When first called, performs an HTTP request and if successful, returns a tuple of terms currently available for viewing via the official schedule search form. Terms are represented by Term objects. Keys follow the same order as in the official schedule search form.

Example return value:

(Term(code='201910', name='Spring Semester 2019'),
 Term(code='201920', name='Summer Semester 2019 - All Courses'),
 Term(code='201920 - S6', name='Summer Semester 2019 - First 6-week Summer Session A'),
 Term(code='201920 - S62', name='Summer Semester 2019 - Second 6-week Summer Session C'),
 Term(code='201920 - S8', name='Summer Semester 2019 - 8-week Summer Session B'),
 Term(code='201930', name='Fall Semester 2019'))

Note: old terms no longer on the official schedule search form have their access restricted, so this module cannot retrieve them.
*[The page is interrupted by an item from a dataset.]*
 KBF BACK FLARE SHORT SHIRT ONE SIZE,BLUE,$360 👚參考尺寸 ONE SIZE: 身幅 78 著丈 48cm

I may maintain schedule pages from old terms, so contact me if you want access to them.

Term has the following data attributes:

Term.code - a string containing a validterm value from the official schedule search form. When you choose a term via one of the "Select a Term" radio buttons, you are selecting a validterm to be submitted when you click "View Class Schedule".

Term.name - a string containing a term name associated with one of the aforementioned radio buttons.

Installation

pipenv install ucmscraper

Example usage

import json
import pathlib
import ucmscraper

# Create example folder to store output files
pathlib.Path('./example').mkdir(exist_ok=True)
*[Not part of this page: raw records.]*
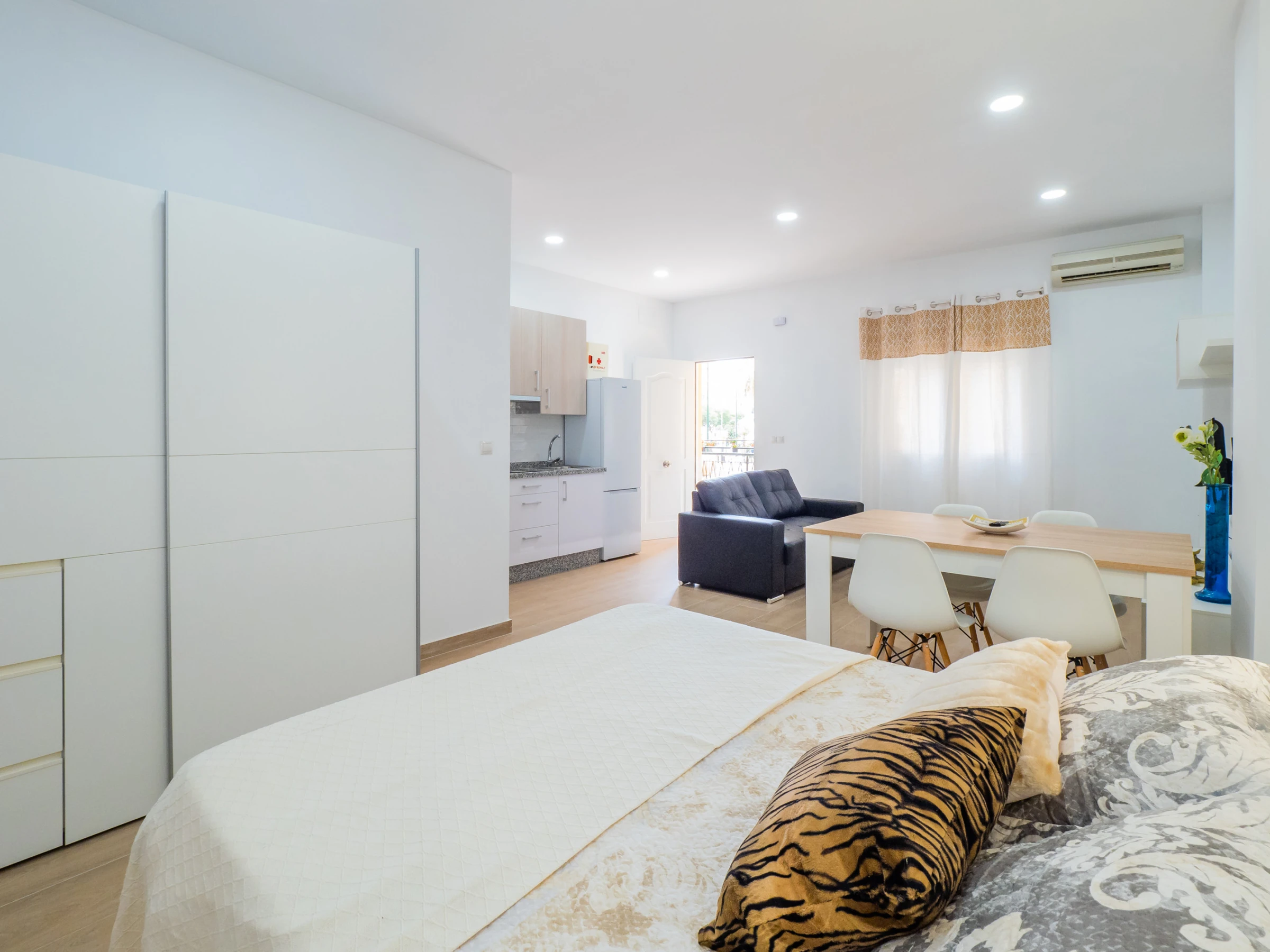 Estudio moderno y acogedor en Málaga, perfecto para parejas que buscan comodidad, proximidad a la playa y excelente conexión con transporte público para descubrir el centro y alrededores. 🌞🌊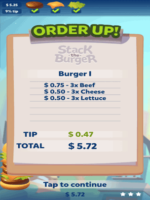 Subscriber? Log in hereOrder up! Do you have what it takes to stack these burgers just how the customer likes it? Use your mouse/finger to move the bottom-bun and stack the burger order on the top of the screen. Watch out for the top-bun though if the order isn't complete!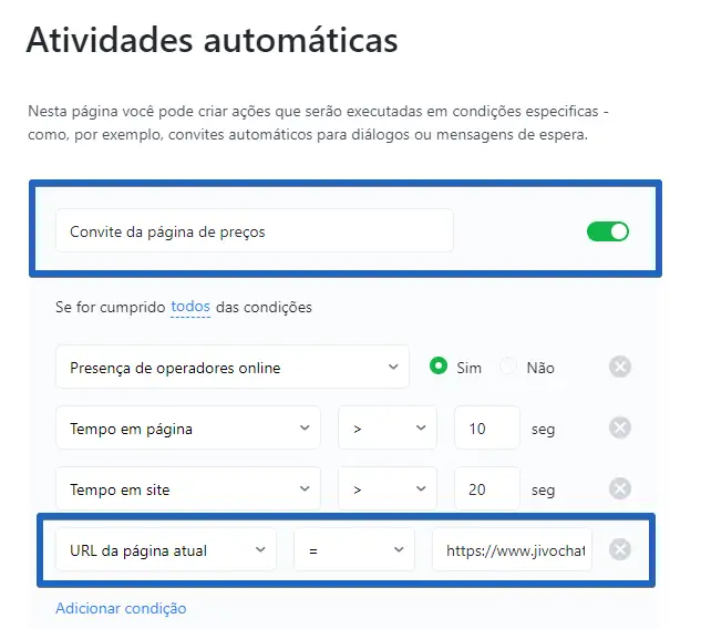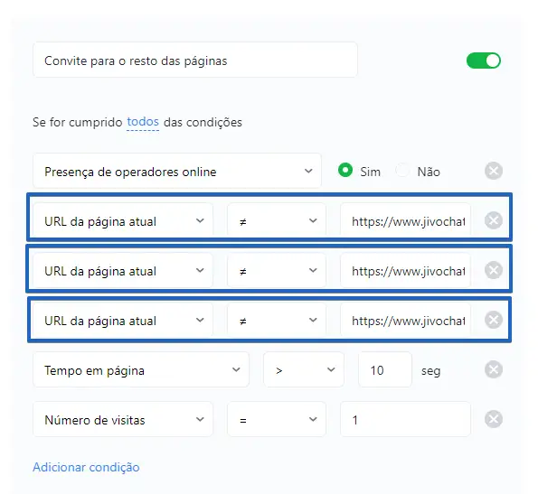 Neste método, você pode criar diversas regras para convites proativos, nas quais você irá configurar convites diferentes para as páginas que desejar utilizando a condição "URL da página atual". Esse método tem um limite máximo de 10 regras.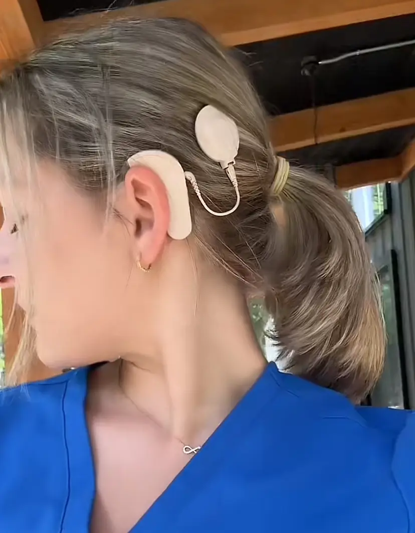 A solução encontrada foi o implante coclear. Após a cirurgia e quatro semanas de recuperação, chegou o chamado “dia da ativação”. “Eles ligaram o aparelho e, no começo, era só um zumbido. De repente, comecei a ouvir vozes, conseguia ouvir meus pais falando atrás de mim e entendia o que diziam. O implante soa como um esquilo ou um robô, mas abafado. Ainda assim, foi incrível, porque fisicamente não tenho audição nesse ouvido, mas quando coloco o aparelho, tenho. Isso é muito legal”, relatou.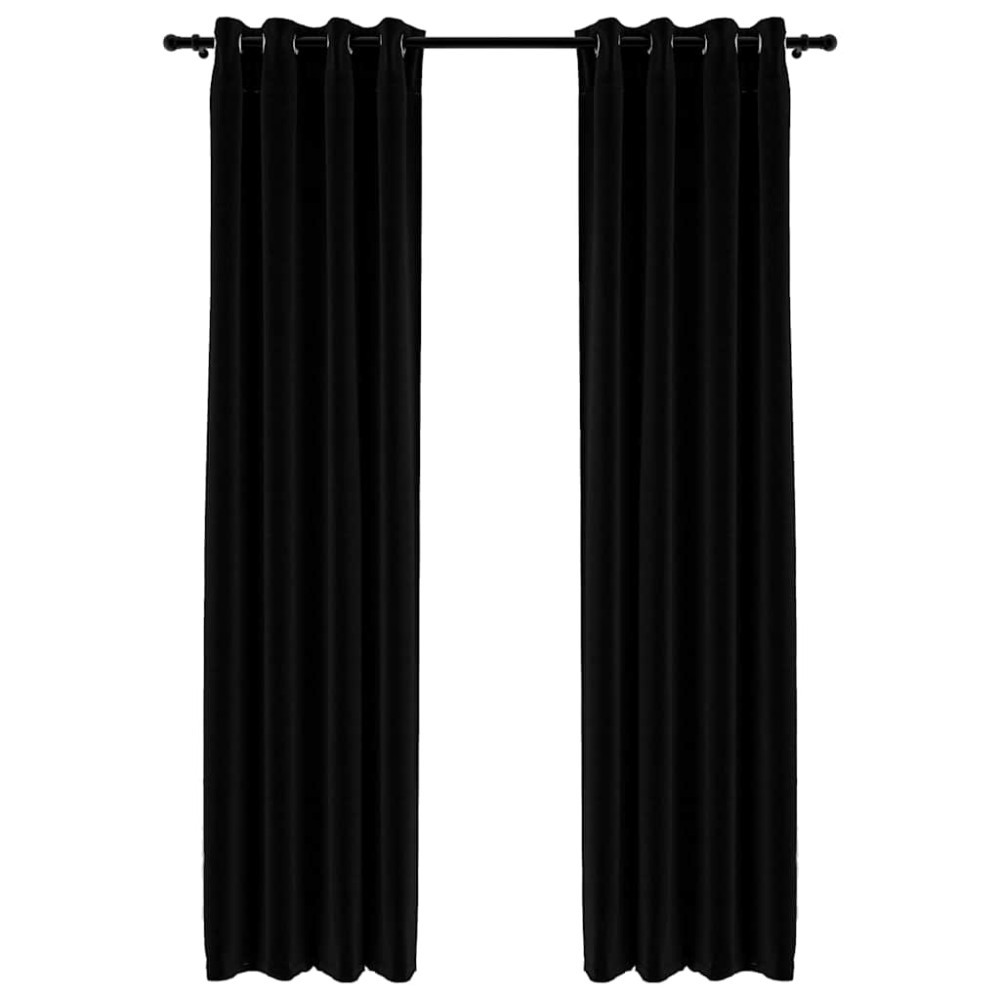Perdele opace, aspect panza, ocheti, 2 buc., negru, 140x245 cm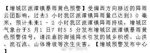 受偏西方向移近的降雨云团影响,过去3小时增城区派潭镇降雨量已达到30毫米,预计未来1-2小时增城区派潭镇降雨持续,增城区气象台于5月1日7时55分发布增城区派潭镇暴雨黄色预警信号。
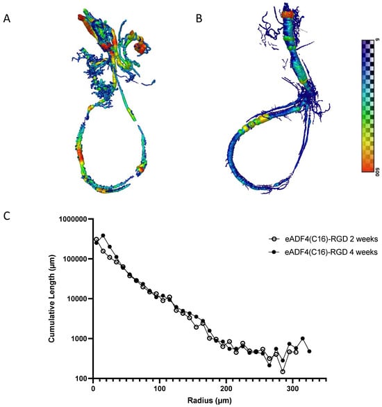 The AV loops were perfused with Microfil® and analyzed using µCT. Image reconstruction of µCT scans 2 (A) and 4 (B) weeks after the implantation of eADF4(C16)-RGD hydrogels in the presence of T17b cells. The scale bar depicts the mean vessel radius in micrometers. The numeric colors represent the vessel radius from small (blue, 5 µm) to large (red, 500 µm). The quantitative analysis of the cumulative length relative to the vessel radius (µm) (C).

def get_last_value(ordered_dict):
    return next(reversed(ordered_dict.values()))

latest_term = get_last_value(ucmscraper.get_current_terms())
try:
    with open('example/{}.html'.format(latest_term.name), 'r') as f:
        schedule_html = f.read()
        schedule = ucmscraper.Schedule(schedule_html, latest_term)
except FileNotFoundError:
    schedule = ucmscraper.Schedule.fetch_latest()

class NamedTupleIterEncoder(json.JSONEncoder):
    def default(self, o):
        return [t._asdict() for t in o]

term = schedule.term.name
with open('example/{}.html'.format(term), 'w') as f:
    f.write(schedule.html)
# OrderedDicts don't need sort_keys=True
with open('example/{} - Departments.json'.format(term), 'w') as f:
    json.dump(schedule.departments, f, indent=4)
with open('example/{} - Courses.json'.format(term), 'w') as f:
    json.dump([t._asdict() for t in schedule.courses], f, indent=4)
with open('example/{} - Sections.json'.format(term), 'w') as f:
    json.dump([t._asdict() for t in schedule.sections], f, indent=4)

Check out the resulting schedule files in the example folder.